YOUR OBJECTIVE =
Nothing is needed except the lines below that run from the one with "Cors 이슈가 해결되고" through the one with "Visual Basic Design", repeated exactly.

THE RECORDS =

== Segment start ==

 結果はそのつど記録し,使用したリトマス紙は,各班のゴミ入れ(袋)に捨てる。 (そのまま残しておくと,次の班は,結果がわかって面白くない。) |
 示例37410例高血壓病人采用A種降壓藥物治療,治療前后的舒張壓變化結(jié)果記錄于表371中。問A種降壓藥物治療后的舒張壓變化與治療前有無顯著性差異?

== Segment end ==
== Segment start ==

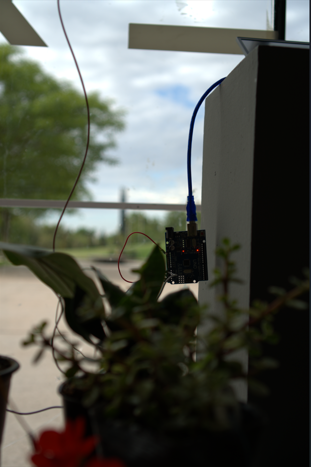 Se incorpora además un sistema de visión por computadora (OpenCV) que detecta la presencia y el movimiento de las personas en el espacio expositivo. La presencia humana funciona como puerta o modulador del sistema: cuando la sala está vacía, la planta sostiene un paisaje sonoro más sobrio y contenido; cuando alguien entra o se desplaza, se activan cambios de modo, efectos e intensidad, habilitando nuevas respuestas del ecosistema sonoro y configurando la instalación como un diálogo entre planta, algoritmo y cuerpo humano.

== Segment end ==
== Segment start ==

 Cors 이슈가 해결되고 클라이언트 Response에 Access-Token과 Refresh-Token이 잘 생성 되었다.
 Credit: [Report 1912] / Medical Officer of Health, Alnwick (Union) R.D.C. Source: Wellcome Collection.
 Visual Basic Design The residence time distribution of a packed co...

== Segment end ==

RESULT FOR THIS TASK =
 Cors 이슈가 해결되고 클라이언트 Response에 Access-Token과 Refresh-Token이 잘 생성 되었다.
 Credit: [Report 1912] / Medical Officer of Health, Alnwick (Union) R.D.C. Source: Wellcome Collection.
 Visual Basic Design The residence time distribution of a packed co...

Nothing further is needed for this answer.